* _Entries taken from a collection_:
----------

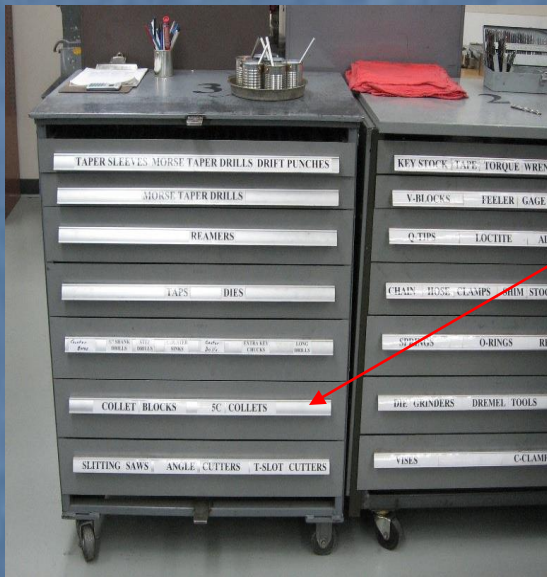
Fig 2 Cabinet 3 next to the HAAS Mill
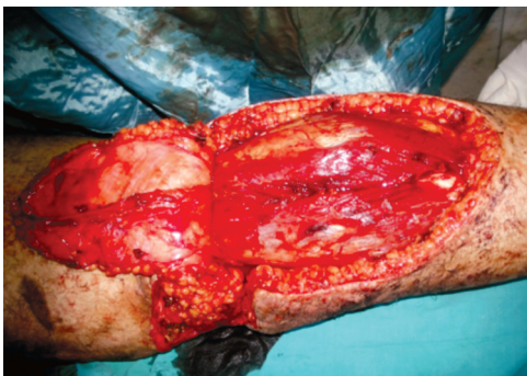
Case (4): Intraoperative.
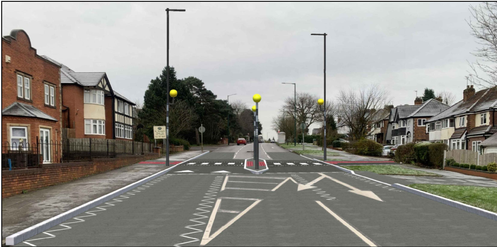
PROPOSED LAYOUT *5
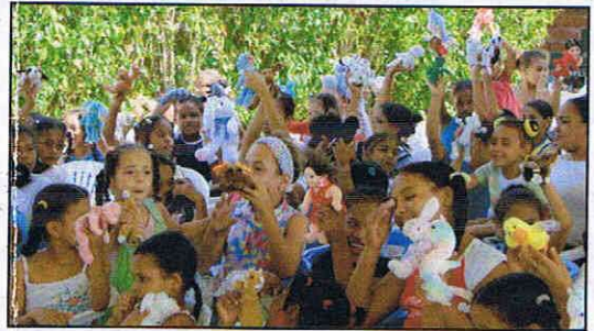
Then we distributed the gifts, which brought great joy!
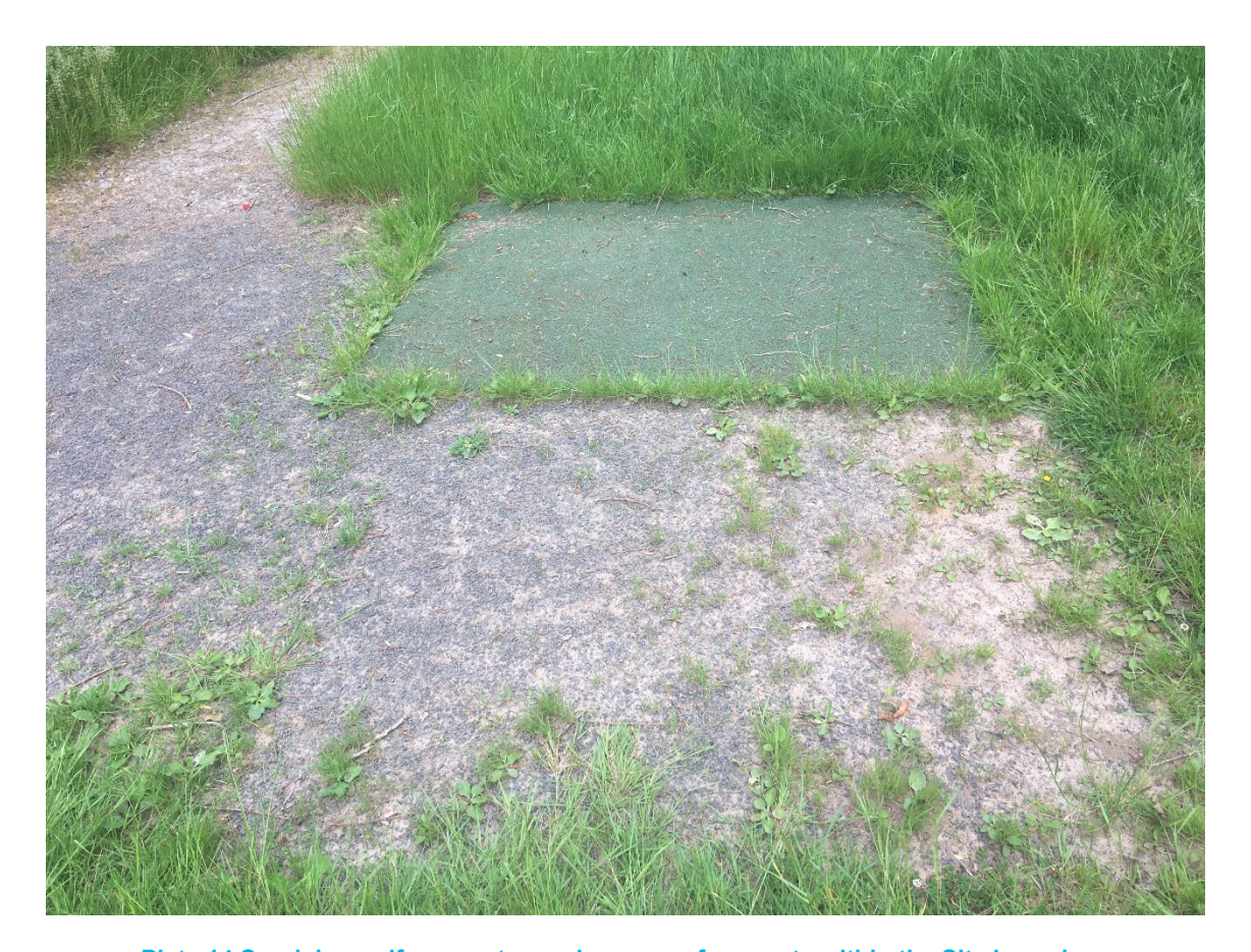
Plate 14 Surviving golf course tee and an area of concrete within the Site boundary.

----------

* _WHAT YOU NEED TO DO_: The records above need to be printed in full and exactly, without any of the pictures.

* _PROBLEM SOLUTION_:
Fig 2 Cabinet 3 next to the HAAS Mill
Case (4): Intraoperative.
PROPOSED LAYOUT *5
Then we distributed the gifts, which brought great joy!
Plate 14 Surviving golf course tee and an area of concrete within the Site boundary.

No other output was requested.